Step 3: Dynamic Analysis with Frida
Frida is a dynamic instrumentation toolkit that lets you inject JavaScript into running processes to hook functions, bypass SSL pinning, and inspect runtime behavior.
Setup Frida
On your PC:
pip3 install frida-tools --break-system-packages
On the Android device/emulator:
# Download frida-server matching your Frida version and device architecture
adb push frida-server /data/local/tmp/
adb shell chmod 755 /data/local/tmp/frida-server
adb shell su -c "/data/local/tmp/frida-server &"
Verify connection:
frida-ps -U # List running processes on USB-connected device
Bypass SSL Certificate Pinning
Many apps implement SSL pinning to prevent traffic interception.

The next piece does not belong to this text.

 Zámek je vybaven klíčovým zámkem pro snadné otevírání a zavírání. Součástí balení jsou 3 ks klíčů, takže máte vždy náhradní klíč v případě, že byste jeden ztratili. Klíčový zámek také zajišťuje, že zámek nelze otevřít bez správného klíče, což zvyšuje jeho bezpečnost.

Frida can bypass it:
# Using objection (Frida-based tool)
pip3 install objection --break-system-packages
# Start the app and attach objection
adb shell am start -n com.target.app/.MainActivity
objection -g com.target.app explore
# Inside objection shell:
android sslpinning disable
Or use the popular Frida SSL bypass script:
frida -U -f com.target.app -l ssl_bypass.js
Runtime Hooking
Hook a specific function to see its arguments and return values:
// hook_example.js
Java.perform(function() {
var MainActivity = Java.use('com.target.app.MainActivity');
MainActivity.checkLogin.implementation = function(user, pass) {
console.log('Username: ' + user);
console.log('Password: ' + pass);
return this.checkLogin(user, pass);
};
});
frida -U -f com.target.app -l hook_example.js
Step 4: Network Traffic Interception
Configure Burp Suite to intercept Android traffic:
- In Burp: Proxy > Options > set listener to
0.0.0.0:8080
- On Android: Settings > Wi-Fi > modify network > proxy > enter your PC IP and port 8080
- Navigate to
http://burp in Android browser and install the Burp CA certificate
- Install the cert under Settings > Security > Install from storage
After SSL pinning bypass via Frida/objection, all HTTPS traffic appears in Burp in plaintext.

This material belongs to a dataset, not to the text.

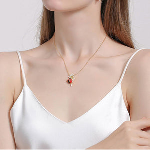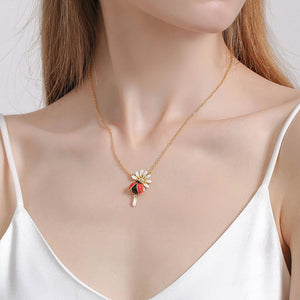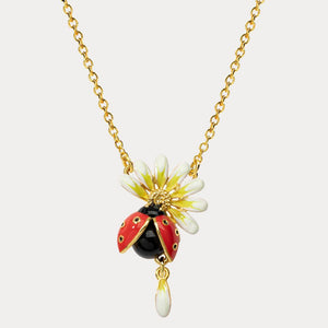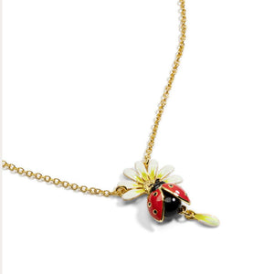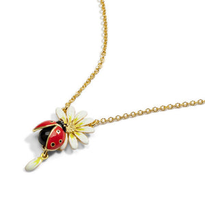 This delightful necklace features a charming ladybug perched on a daisy flower, all set on a delicate gold-tone chain. The playful design and vibrant colors make it a fun and whimsical accessory, perfect for adding a touch of nature-inspired beauty to any outfit.

Step 5: Insecure Data Storage Testing
Check for sensitive data stored insecurely:
# Access app's private directory (requires root)
adb shell su -c "ls /data/data/com.target.app/"

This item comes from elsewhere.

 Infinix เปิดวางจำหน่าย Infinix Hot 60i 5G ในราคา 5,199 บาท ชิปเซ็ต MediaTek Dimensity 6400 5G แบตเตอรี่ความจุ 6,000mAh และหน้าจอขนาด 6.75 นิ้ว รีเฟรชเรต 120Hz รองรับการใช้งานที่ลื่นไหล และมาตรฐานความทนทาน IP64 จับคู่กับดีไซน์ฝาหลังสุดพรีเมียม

adb pull /data/data/com.target.app/shared_prefs/ .
cat *.xml # Look for tokens, passwords
# Check external storage
adb shell ls /sdcard/Android/data/com.target.app/
Common findings: auth tokens in SharedPreferences, SQLite databases with sensitive data, cleartext files on external storage.
Reporting Findings
Key vulnerabilities to document for mobile app assessments:
- Hardcoded credentials or API keys
- Insecure data storage (SharedPreferences, SQLite, external storage)
- Weak or broken cryptography
- SSL pinning absence or bypassable implementation
- Exported components accessible without authentication
- Debugging enabled in production build
- Sensitive data in logs (
adb logcat)
Mobile app pentesting certifications: eMAPT (eLearnSecurity), GMOB (GIAC Mobile Device Security Analyst), and Certified Mobile Application Security Tester (CMAST).